For Nicole Lipson, segment marketing manager at Norcross, Ga.-headquartered corrugated packaging giant WestRock, an effective RRP package should address the so-called “Five Easies” of being:

  • easy to identify;
  • easy to open;
  • easy to stock;
  • easy to shop;
  • easy to dispose of.

“Following the tenet of the Five Easies means retailers get product on the shelves faster and consumers find shopping easier,” says Lipson, citing WestRock’s Meta brand of RRP boxes and equipment dedicated to high-speed forming of display-ready cases and trays.
“Our expertise in understanding customers’ supply chains, transportation challenges, fiber and sustainability requirements and branding guidelines means we can help them find the best solution for that product and that channel,” Lipson relates, citing a successful RRP project WestRock has recently completed for a Canadian customer.
“The customer needed a retail-ready palletized solution for a bagged product, for which it was literally hand-folding cartons manually,” she relates.
“By assessing the product, the labor and the distribution process, we recommended a WestRock trayformer and a proprietary tray design.
“With the implementation of the equipment and the new container, we helped the company realize labor and fiber savings beyond its expectation.”
Says Lipson: “All our packaging solutions are customized for each company’s specific requirements, which combined with our knowledge of equipment makes us unique in the industry—offering customers the best of both worlds.

Manufactured by SOMIC, the 424 series machines enable high-speed production of an extremely broad range of RRP tray designs to suit virtually any primary flexible package format.

CREATIVE TYPE 
“We can create designs and custom RRP containers for boxes, pouches, odd-shaped cans, jars or bottles, beverages, wine and other products with a large array of designs that are proven in the grocery and club channels.”

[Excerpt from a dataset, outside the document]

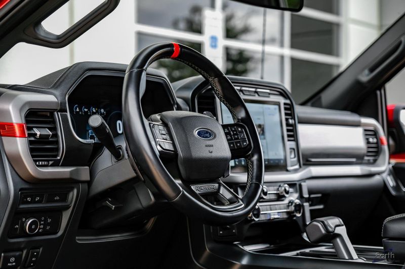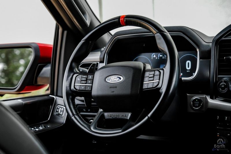 Earth MotorCars is Proud to offer this amazing: 2021 Ford F-150 Raptor Forged Wheels - Graphics 4WD, 17'' Forged Aluminum Bead-Lock Capable Wheels, 360 Degree Camera, 4-Wheel Disc Brakes, 7 Speakers, Adaptive suspension, Air Conditioning, AM/FM radio: SiriusXM with 360L, Auto Start-Stop Removal, Automatic temperature control, Connected Built-In Navigation, Convenience Package, Electronic Locking w/4.10 Axle Ratio, Electronic Stability Control, Emergency communication system: SYNC 4 911 Assist, Equipment Group 800A Base, Exterior Parking Camera Rear, Front Bucket Seats, Front-Axle w/Torsen Differential, Fully automatic headlights, GVWR: 7,050 lbs Payload Package, Heated door mirrors, Heated front seats, Integrated Trailer Brake Controller, Interior Work Surface, Navigation system: Connected Navigation (90-Day Trial), Partitioned Lockable Fold-Flat Storage, Passenger vanity mirror, Power door mirrors, Pro Trailer Backup Assist, Rear reading lights, Rear step bumper, Rigid LED Fog Lamp, Security system, Speed control, Speed-sensing steering, Tachometer, Telescoping steering wheel, Torsen Package, Tow Technology Package, Traction control, Turn signal indicator mirrors.

According to Lipson, the RRP offers CPG manufacturers and their suppliers of packaging and equipment tremendous opportunities in the North American market moving forward, driven by intense competition among retailers and rapid proliferation of retail channels.

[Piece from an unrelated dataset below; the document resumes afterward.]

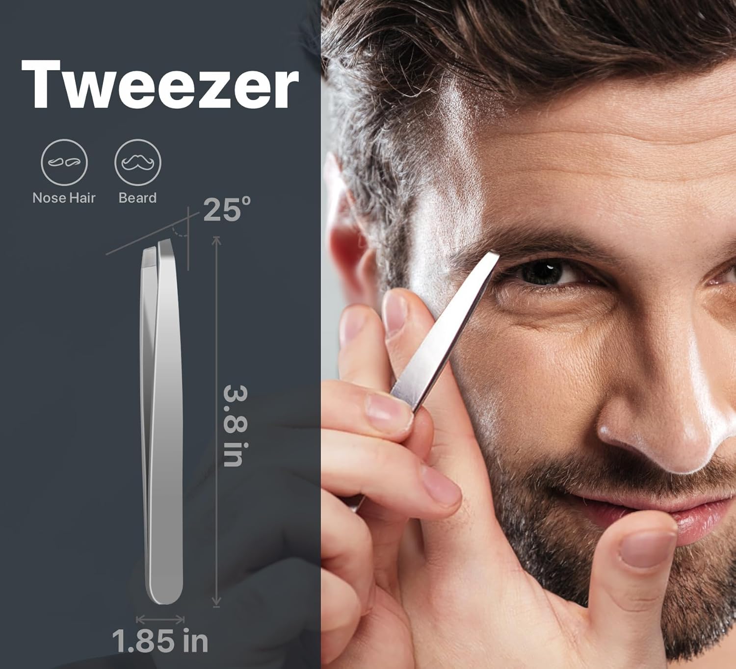 - [Stainless Nail Care Kit]: Complete set with flat nail clipper, slanted nail clipper, nail file, tweezer, cuticle scissors. High-quality steel with sandblasted and satin finishes ensures durability and style for a professional grooming experience.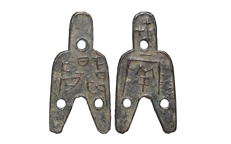 战国时期“下邲阳”背“十七·两”大型三孔布一枚,高73.5毫米,宽37毫米,重13.4克,文字清晰,边廓整齐,品相完美,通体老坑传世古色,为先秦货币中着名珍品。清嘉道间金石学家张廷济、近代收藏家张叔驯递藏,流传有绪,拓本见载于几乎所有古钱币重要着作,征集自海外资深收藏家族,极为珍稀

“Retailers are seeing challenges from all side: stores are moving to smaller formats; the center store is shrinking; and consumers have more places than ever to purchase their food products.

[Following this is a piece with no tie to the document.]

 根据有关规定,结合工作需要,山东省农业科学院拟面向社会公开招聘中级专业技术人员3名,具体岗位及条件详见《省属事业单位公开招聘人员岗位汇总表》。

“To respond, CPG manufacturers are evolving rapidly to supply retailers with products faster than ever, hence shelf- and retail-ready packaging makes perfect sense,” Lipson states.
“Smaller store formats for specialty and grocery, for example, are the perfect environment for shelf-ready packaging due to its advantages in stocking,” she says, “while other channels such as convenience stores and dollar stores also offer good growth opportunity.
“Our goal is to help consumer products companies develop every container, for every product, for every channel,” Lipson asserts.
“With the grocery segment changing so rapidly, today’s retailers must be able to populate and stock stores quickly and easily,” Lipson concludes. “No one likes an empty shelf.”